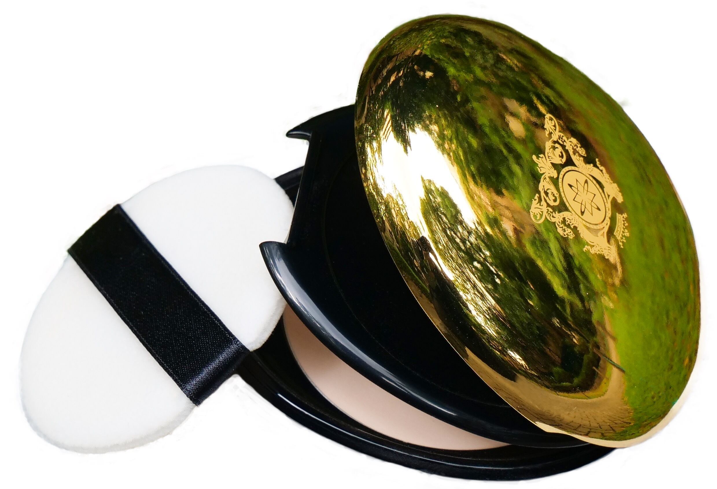 イエローゴールドとブラックを基調とした中皿のついたコンパクト。
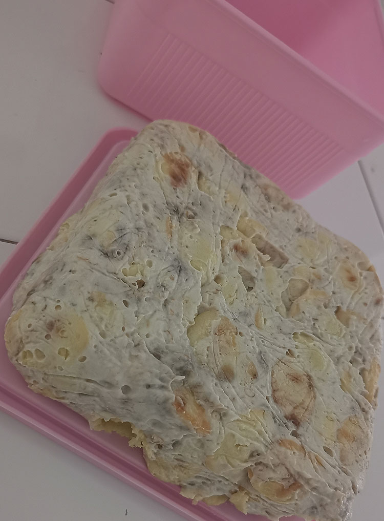 Кстати, отдельно небольшой лайфхак. Вот я приготовила маленький тортик, а как его удобно хранить в холодильнике? Я храню в перевернутом контейнере. Крышка служит “тарелкой для торта”, а собственно сама емкость контейнера – крышкой. (И удобно, что сверху на торт можно что-то поставить.
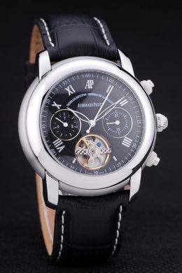 Bracelet: Heat embossed Audemars Piguet Replica black crocodile leather strap with Audemars Piguet Replica engraved stainless steel fold-in clasp
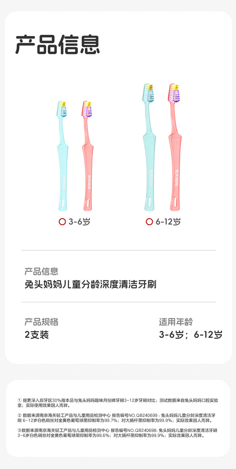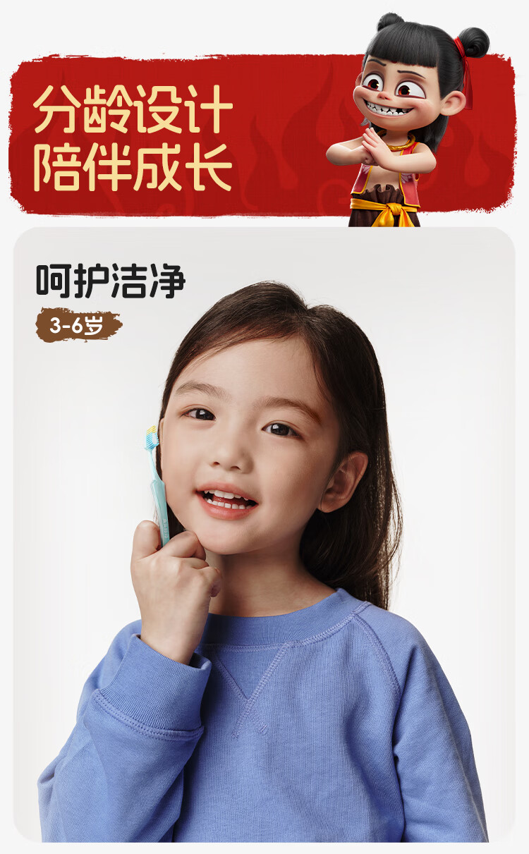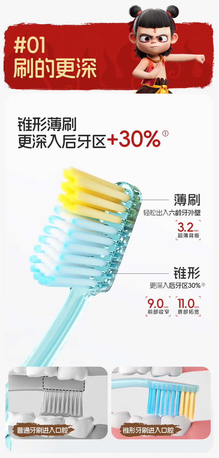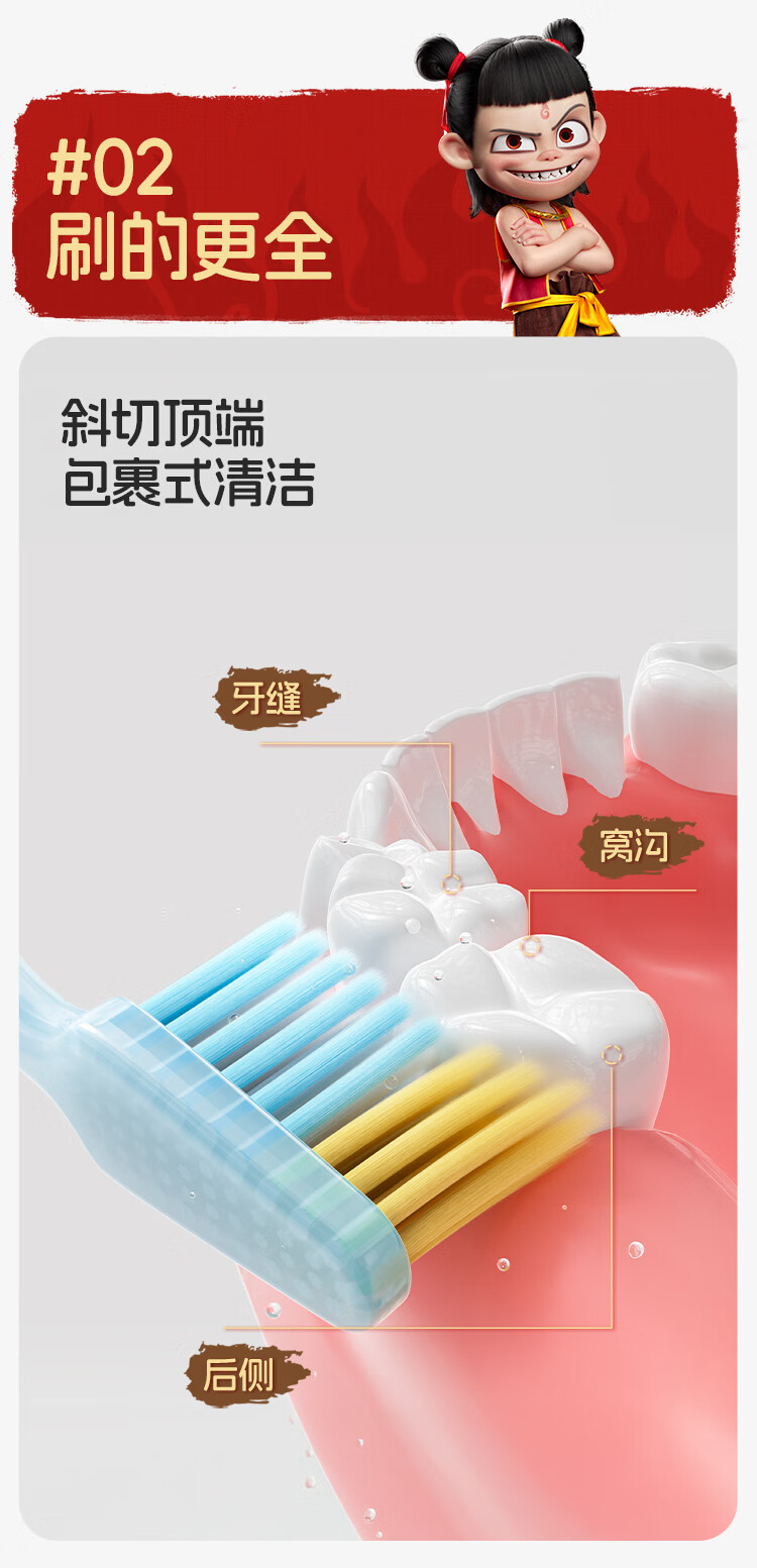 兔头妈妈哪吒联名 儿童牙刷锥形深刷守护六龄牙 深度清洁牙刷2支装6-12岁

TRY IT:
Your answer should consist solely of the lines from the one holding "Bracelet: Heat embossed" through the end of the listing, reproduced exactly and without pictures.

RESULT:
 Bracelet: Heat embossed Audemars Piguet Replica black crocodile leather strap with Audemars Piguet Replica engraved stainless steel fold-in clasp
 兔头妈妈哪吒联名 儿童牙刷锥形深刷守护六龄牙 深度清洁牙刷2支装6-12岁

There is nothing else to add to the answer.